= Tortosa Pact =

The Federal Tortosa Pact, or simply, Tortosa Pact (Pacte Federal de Tortosa or Pacte de Tortosa), was an ideological manifesto and organizational project from Republican and Federal forces of Aragon, the Balearic Islands, Catalonia and the Valencia region, signed in Tortosa on May 18, 1869. The signing of the pact was one of the first practical expressions of federalism, while still rejecting separatism.

==Text==

... Aragon, Catalonia and Valencia, united by their topographical situation, united in their most cherished interests, united by their historical memories, similar if not equal in character and customs, worthy equals in their passion for freedom; are called by their nature, to march united, to live allied and to fulfill together the high provincial destinies of our race.
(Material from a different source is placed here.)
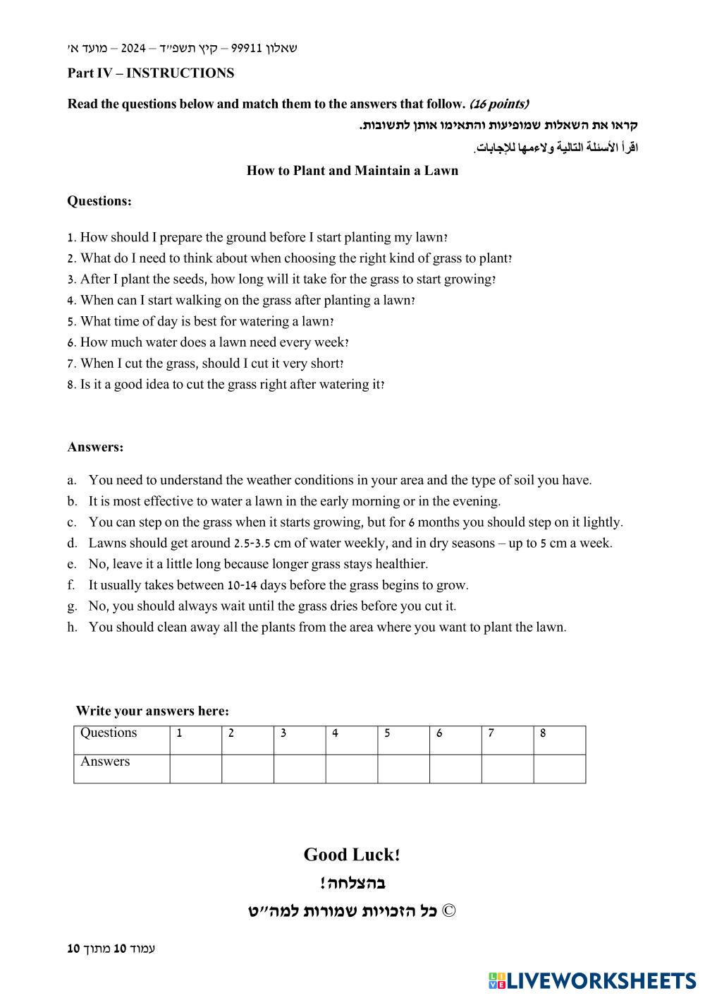Created byRon Haberman ESL English B2 Vocabulary Hebrew (modern) Author's Instructions התאימו לכל שאלה את התשובה הנכונה לה. My Google Classroom Courses × 0 classes selected (0 students total) Quick Access Select all classes (0 classes) All Classes Loading courses... Cancel Share Share to selected Course __COURSE_NAME__ __STUDENT_NAME__ (__STUDENT_EMAIL__) How to Plant and Maintain a Lawn Download Worksheet Validation Check my answers Emails my answers to my teacher Full name Group/level School subject Teacher's email or key code Close Submit Validating worksheet... (12) Your answers have been sent to your teacher. Good luck! OK We encountered an error submitting your answers. Please try again. OK Advertisement | Go Ad Free Created byRon Haberman ESL English B2 Vocabulary Hebrew (modern) Author's Instructions התאימו לכל שאלה את התשובה הנכונה לה. Explore Worksheets Landscape adjectives (advanced) ESL B2 Landscape adjectives (advanced) Vocabulary - ESL ... TRS601 – 3 themes – Review ESL B2 TRS601 – 3 themes – Review Vocabulary - ESL Do it Wedding Vocabulary B2 Multiple Choice ESL B2 Wedding Vocabulary B2 Multiple Choice Vocabulary - ESL Read the sentences and choose the correct words. TRS601 – Biology 1 – Review ESL B2 TRS601 – Biology 1 – Review Vocabulary - ESL Do it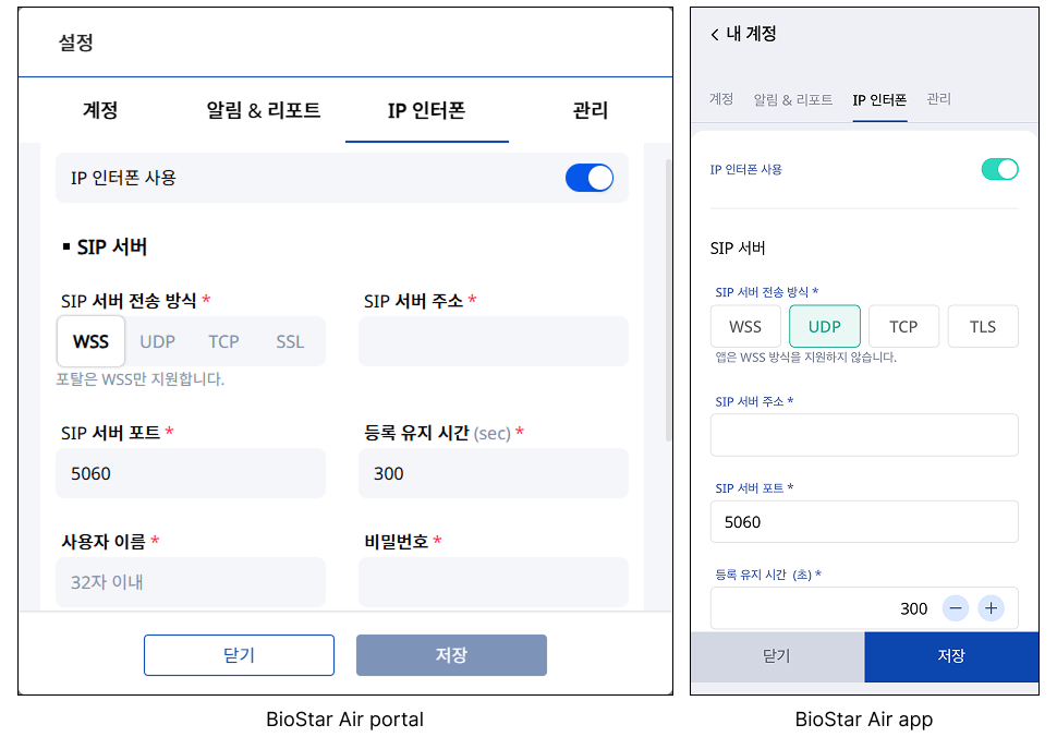 위 이미지는 예시 화면입니다. 실제 화면과 다를 수 있습니다. - SIP 서버 주소

We unite to resist tyranny and as Aragonese, Catalans and Valencians, invoking in our favor honorable historical antecedents, we rightly expect that our firm resolution will be worthy of its due importance. (...)
 (...)

1º. The citizens gathered here agree that the three ancient provinces of Aragon, Catalonia and Valencia, including the Balearic Islands, are united and allied for all that concerns the conduct of the Republican party and the cause of the Revolution, without in any way inferring from this that they intend to separate from the rest of Spain.

2º. Likewise, they state that the form of government they believe to be most convenient for Spain is the Federal Democratic Republic, with all its legitimate and natural consequences. (...)

==Subsequent developments==
The pact led to similar pacts such as those of Córdoba, the two Castiles, Valladolid, the Galician-Asturian pact in Santiago de Compostela, the Basque-Navarran pact at Eibar and lastly the Madrid Agreement of 30 July 1869.

When the First Spanish Republic was established (1873), there were different attempts in Barcelona to proclaim a Catalan State within a Spanish Federal Republic.